### TASK TO COMPLETE
Everything from the line that contains "أثارت تغريدات الفنانة" to the final line of the data, both ends included, must be set down exactly, apart from the pictures.

### DATA BELOW
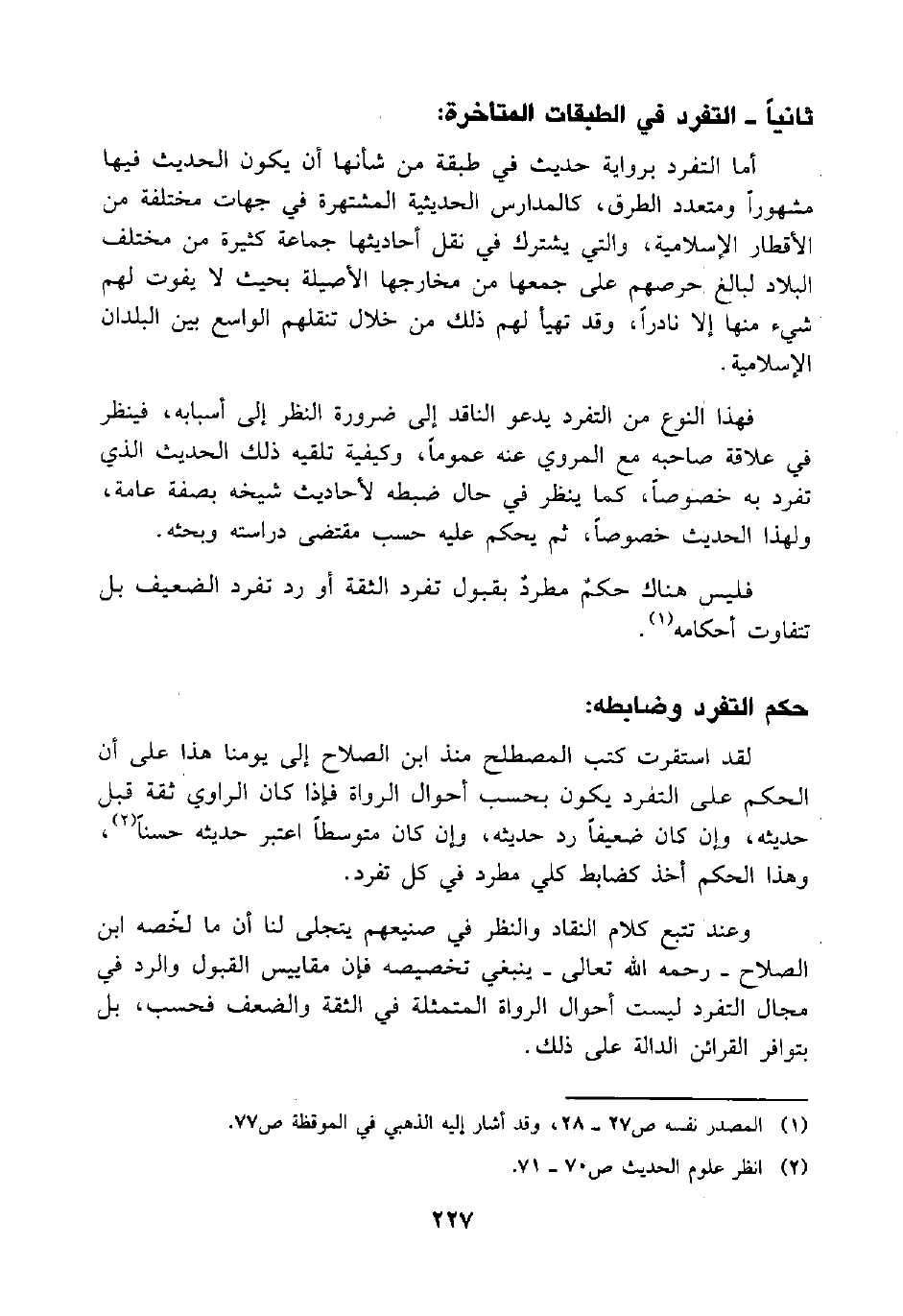 وعند تتبع كلام النقاد والنظر في صنيعهم يتجلى لنا أن ما لخصه ابن الصلاح - رحمه الله تعالى - ينبغي تخصيصه فإن مقاييس القبول والرد في مجال التفرد ليست أحوال الرواة المتمثلة في الثقة والضعف فحسب، بل بتوافر القرائن الدالة على ذلك.
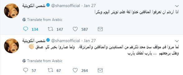 أثارت تغريدات الفنانة الكويتية شمس جدلاً واسعاً، بعدما اعتبر البعض أنّها موجّهة للفنانة الإماراتية أحلام.
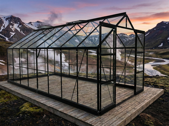 Björk er glæsilegur og sterkbyggður glerskáli fyrir kröfuharða. Með 4mm hertu öryggisgleri, ryðfríum festingum og 10 cm stálgrunni sem fylgir með, færðu gróðurhús sem stendur af sér íslenska veðráttu. Hvort sem draumurinn er að rækta eigið grænmeti eða skapa notalegt útirými fyrir kaffibollann, þá er Björk fullkomin viðbót við garðinn. Glæsilegur antrasít svartur litur og tvöföld rennihurð fullkomna svo útlitið og notagildið.

### SOLVED PROBLEM
 أثارت تغريدات الفنانة الكويتية شمس جدلاً واسعاً، بعدما اعتبر البعض أنّها موجّهة للفنانة الإماراتية أحلام.
 Björk er glæsilegur og sterkbyggður glerskáli fyrir kröfuharða. Með 4mm hertu öryggisgleri, ryðfríum festingum og 10 cm stálgrunni sem fylgir með, færðu gróðurhús sem stendur af sér íslenska veðráttu. Hvort sem draumurinn er að rækta eigið grænmeti eða skapa notalegt útirými fyrir kaffibollann, þá er Björk fullkomin viðbót við garðinn. Glæsilegur antrasít svartur litur og tvöföld rennihurð fullkomna svo útlitið og notagildið.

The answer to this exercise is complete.